This is a general question for the homotopy theory crowd: How does one go about computing the homology and homotopy groups of homotopy fixed point spaces $X^{hG}:= Map^G(EG, X)$ for the action of a group $G$ on a space $X$? There seem to be some tools:
- Lannes' theory: which allows you to compute (or at least say something about) $H_*(X^{hG}, \mathbb{F}_p)$ when $G$ is a $p$-group.
- Homotopy fixed point spectral sequences, which allow you to compute the stable homotopy groups of homotopy fixed point spectra.

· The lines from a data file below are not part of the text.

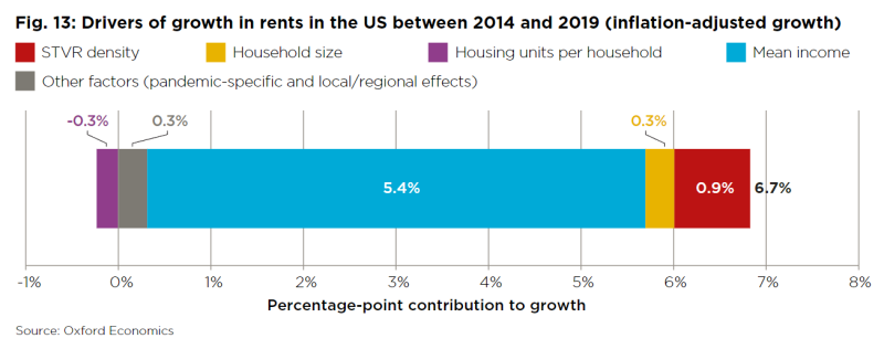 전체 임대료 상승분의 약 13% 정도가 단기렌탈 때문이었다는 것입니다.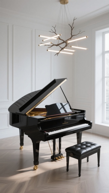 从钢琴侧面偏上方俯视角拍摄的特写画面,深色木质三角钢琴的琴键与琴身细节清晰可见,一双穿着深色西装的手正优雅地弹奏黑白琴键,手指关节与指尖的动作富有韵律感。画面整体采用暗调写实风格,顶部斜射而下的金色光束穿透空气中的微尘,在琴键和手背上形成强烈的明暗对比与细腻光斑,背景深黑模糊以突出主体。光线营造出静谧而神圣的氛围,钢琴的木质纹理与琴键的光泽质感真实可触,整体构图聚焦手部与琴键的互动,传达出古典音乐的优雅与沉浸感。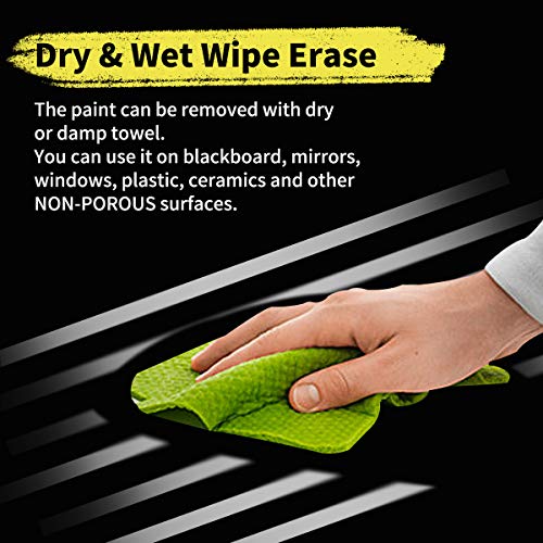 ✎ CANCELLA FACILMENTE - Asciutto o bagnato cancellabili, rimuovere l'inchiostro bianco del gesso solo in pochi secondi da una superficie non puro con un panno asciutto o umido.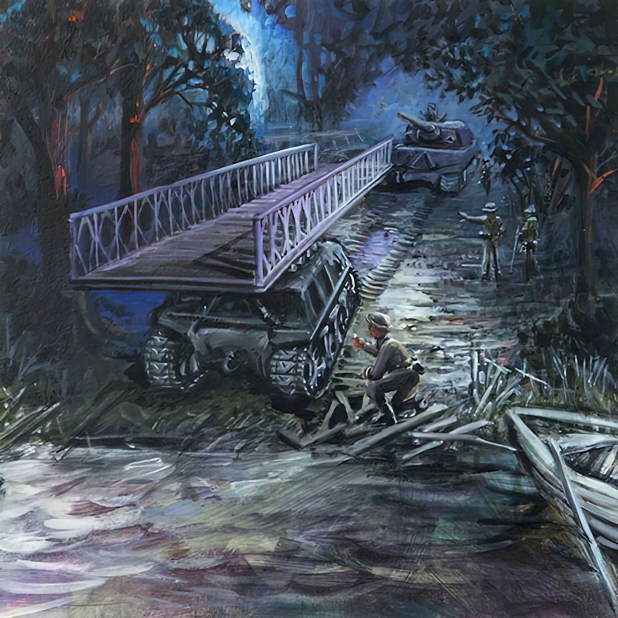 They stopped the tank at the river’s edge. Then the pusher tank slowly moved forward, deploying the bridge across the river. As the bridge began to move, Kingsmill ordered the carrier tank forward to keep it from getting bogged down in the soft ground. As planned, it plunged into the river and sank. The driver and Kingsmill escaped and swam back across the river. The radio operator scrambled hand-over-hand underneath the bridge to shore.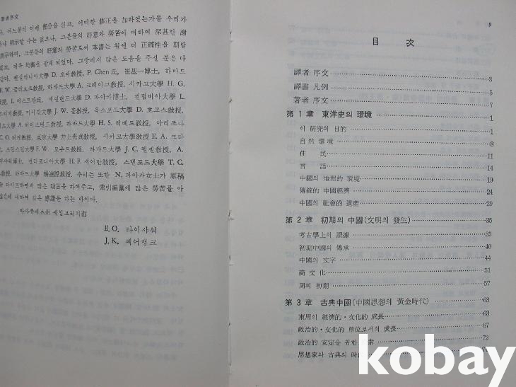 먼저 <역자서문>에서 동양사에 관한 적절한 개설서가 필요하던 차에 하버드대 교수들인 이들의 책이 "사실들을 인과관계 속에서 파악하고 현대적 해석을 가하여 보려고 시도한 점에서" 다른 책을 능가하며 최근 성과도 적용한 장점을 들었다. 아울러 본서를 번역하게 된 이유 중에는 "우리가 절실히 필요로 하면서도 읽을 만한 서적을 갖지 못하고 있는 일본의 역사와 문화가 여기에서 제1급의 전문가에 의하여 상세히 다루어져 있다는 점"이라고 하였다. 물론 "동아의 위대한 전통"이라는 원제에 걸맞도록 한국 부분이 미흡하고 소략하여 흡당하지 않지만 원저대로 충실히 옮겼다는 말도 하였다. 이어 <역서범례>가 있고 <저자 서문>이 있다. 저자는 1939-47년 하버드대에서의 강좌내용을 기초로 책을 썼다며 각자의 분담을 밝혔고, 소개서가 없던 한국사에 대해서는 "기전외(旗田巍) 저 <조선사>에 의거하였으며, 서울대학교 이병도 박사와 하버드대학의 와그너 박사의 매우 세밀한 수정을 받았다"고 밝혀 놓았다.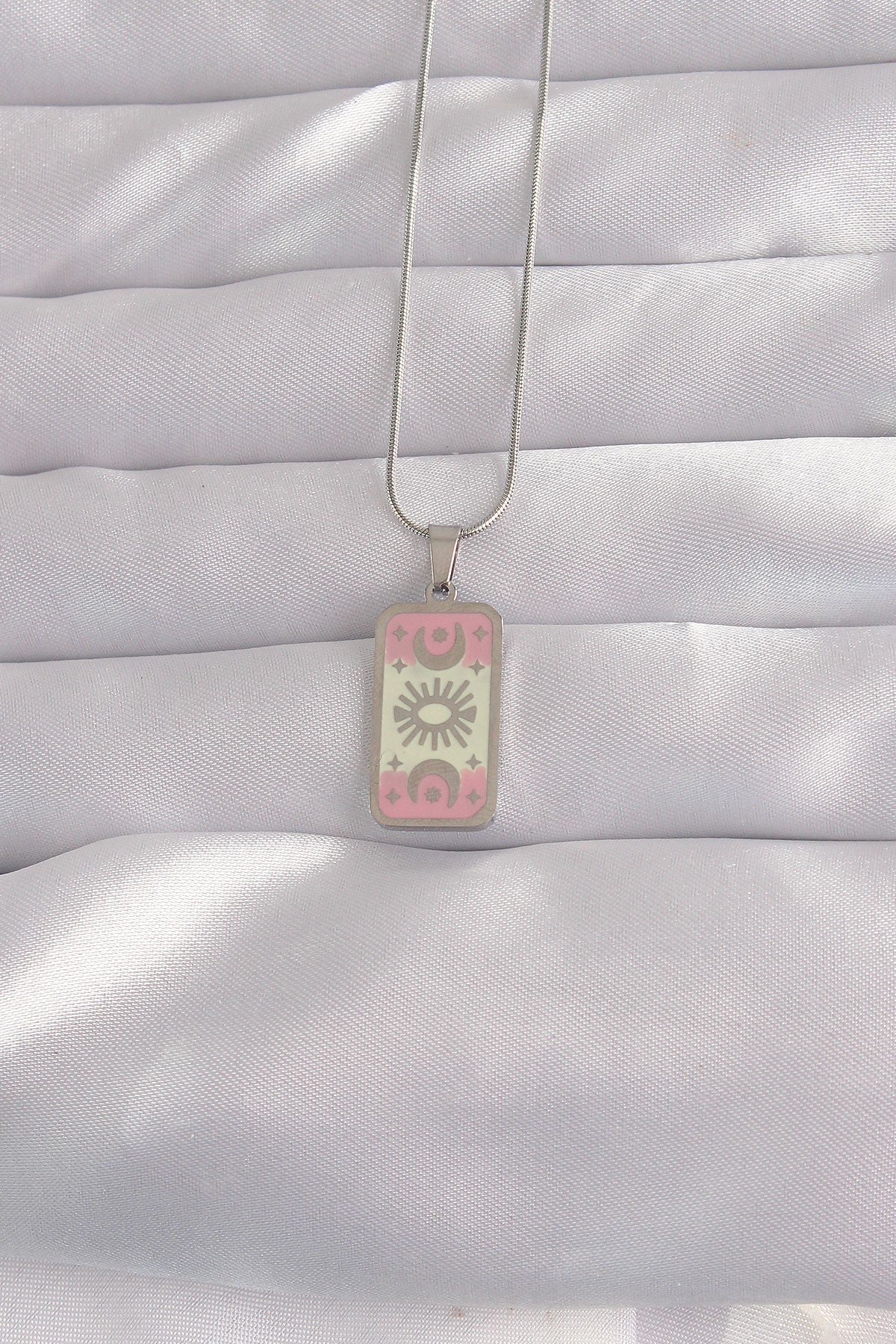 EBJ 316L Stainless Steel Silver Color Pink Enamel Moon Figure Tarot Necklace - Perpignan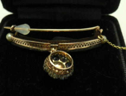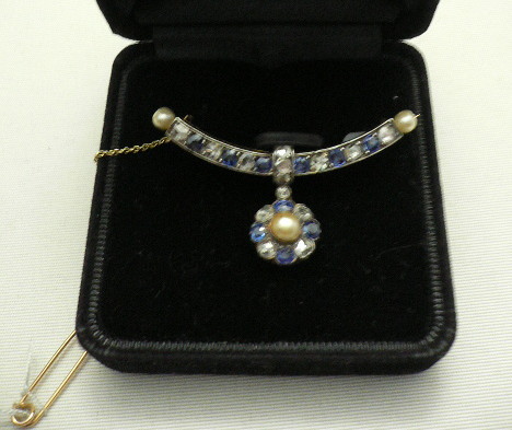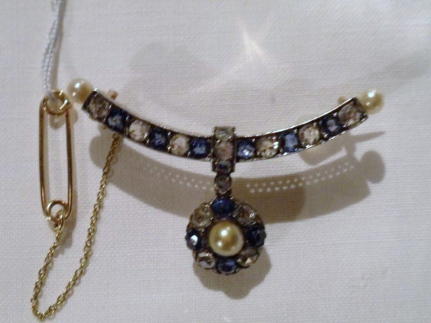 ダイヤとサファイヤがふんだんに使われたバーブローチです。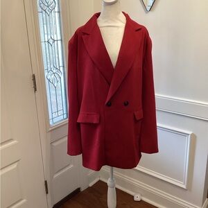 Classic Double Button Red Women’s Blazer (Color: Red) (Size: XXL)

Are there other tools out there? I feel like (1.) should be the harder version of a fact that I'm missing about computing $H_*(X^{hG}, \mathbb{F}_p)$ when $|G|$ is coprime to $p$. Regarding (2.), is there any hope of an unstable homotopy fixed point spectral sequence?
Best Answer
Hej Craig,
Re (2) as Tilman says in his comment, there is an unstable homotopy fixed point spectral sequence, a special case of the spectral sequence of a homotopy limit as described by Bousfield and others.
Re (1) when X is finite (and more generally), Lannes theory should be seen as generalization of ordinary Smith theory. Smith theory only works for p-groups, so I don't think it is a harder version of a prime-to-p statement.